When a CLI auto-detects a mode by probing a remote resource (e.g., checking if `index.json` exists to decide marketplace vs direct download):

### Before implementing:

- [ ] Probe runs in **ALL** code paths that use the result (interactive, `-y`, `--flag` combos)
- [ ] 404 vs transient error are distinguished — don't treat both as "not found"
- [ ] Transient errors **abort or retry**, never silently switch modes
- [ ] Shared state (caches, prefetched data) is **reset** when context changes (e.g., user switches source)
- [ ] **Shortcut paths** (e.g., `--template` skipping picker) must have the same error-handling quality as the probed path — check that downstream functions don't call catch-all wrappers

### After implementing:

- [ ] Trace every path from probe result to the mode-decision branch — no fallthrough
- [ ] External format contracts (giget URI, raw URLs) are tested or at least documented as comments
- [ ] Metadata reads consume a complete response or use a streaming parser — never parse a fixed-size prefix as full JSON
- [ ] When reconstructing a composite identifier from parsed parts, verify **all** fields are included and in the **correct position** (e.g., `provider:repo/path#ref` not `provider:repo#ref/path`)
- [ ] Verify that **action functions** called after a shortcut don't internally use the old catch-all fetch — they must use the probe-quality variant when error distinction matters

**Real-world example**: Custom registry flow had 8 bugs across 3 review rounds: (1) probe only ran in interactive mode, (2) transient errors fell through to wrong mode, (3) giget URI had `#ref` in wrong position, (4) prefetched templates leaked across source switches, (5) `--template` shortcut bypassed probe but `downloadTemplateById` internally used catch-all `fetchTemplateIndex`, turning timeouts into "Template not found".

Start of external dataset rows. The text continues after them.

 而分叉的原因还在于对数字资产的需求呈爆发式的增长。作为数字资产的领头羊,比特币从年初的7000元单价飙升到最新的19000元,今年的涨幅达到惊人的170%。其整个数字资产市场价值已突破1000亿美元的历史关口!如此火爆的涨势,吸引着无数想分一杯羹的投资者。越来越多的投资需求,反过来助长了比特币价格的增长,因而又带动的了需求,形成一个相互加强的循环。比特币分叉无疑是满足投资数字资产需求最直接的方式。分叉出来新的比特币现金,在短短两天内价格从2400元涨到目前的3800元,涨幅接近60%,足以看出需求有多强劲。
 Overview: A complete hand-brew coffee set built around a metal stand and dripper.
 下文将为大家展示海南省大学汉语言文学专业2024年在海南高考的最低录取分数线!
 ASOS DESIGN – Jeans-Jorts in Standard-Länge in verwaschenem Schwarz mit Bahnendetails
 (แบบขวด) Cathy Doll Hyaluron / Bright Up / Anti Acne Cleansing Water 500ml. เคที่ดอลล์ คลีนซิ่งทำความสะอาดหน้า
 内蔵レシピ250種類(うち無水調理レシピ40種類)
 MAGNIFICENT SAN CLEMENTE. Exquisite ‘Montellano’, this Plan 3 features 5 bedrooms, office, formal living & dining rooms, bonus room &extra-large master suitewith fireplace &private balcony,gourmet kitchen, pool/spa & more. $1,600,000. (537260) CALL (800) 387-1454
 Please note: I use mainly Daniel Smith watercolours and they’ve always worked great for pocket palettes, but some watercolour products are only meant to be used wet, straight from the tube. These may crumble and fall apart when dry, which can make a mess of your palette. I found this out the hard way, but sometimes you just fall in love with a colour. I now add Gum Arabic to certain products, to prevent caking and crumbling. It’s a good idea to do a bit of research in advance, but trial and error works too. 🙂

**Real-world example**: Agent-session update hints fetched npm `latest` metadata with `response.read(4096)` and then parsed it as complete JSON. The `@blxzer/trellis` package metadata exceeded 4 KB, so the JSON was truncated, parse failed silently, and the first session injection showed no update hint. Fix: read the complete response before parsing, and add a regression where `version` is followed by an 8 KB metadata tail.

---

## When to Create Flow Documentation

Create detailed flow docs when:

- Feature spans 3+ layers
- Multiple teams are involved
- Data format is complex
- Feature has caused bugs before

---

## Event Log / Projection Boundary

Append-only logs are cross-layer contracts. A single event travels through:

```
CLI input → event writer → events.jsonl → reader → filter → reducer → display
```

### Checklist: After Adding A New Event Kind Or Field

- [ ] Add the event kind to the central event taxonomy
- [ ] Add a typed event variant or type guard at the event layer
- [ ] Add normalization helpers for array/object fields that come from
      user input or JSON
- [ ] Keep `seq` / `id` assignment in the event writer only
- [ ] Make filters and reducers consume the typed event guard, not local casts
- [ ] Make display code consume reducer output or typed events, not raw JSON
- [ ] Add at least one regression that proves history replay and live filtering
      use the same filter model

**Real-world example**: Thread channels added `kind: "thread"`, `description`,
`context`, labels, and `lastSeq`. The first implementation replayed thread
state correctly, but several commands still re-parsed event payload fields with
local casts. The fix was to make the core event layer own `ThreadChannelEvent`
and `isThreadEvent`, make `reduceChannelMetadata` the only channel metadata
projection, and make `reduceThreads` the only thread replay reducer.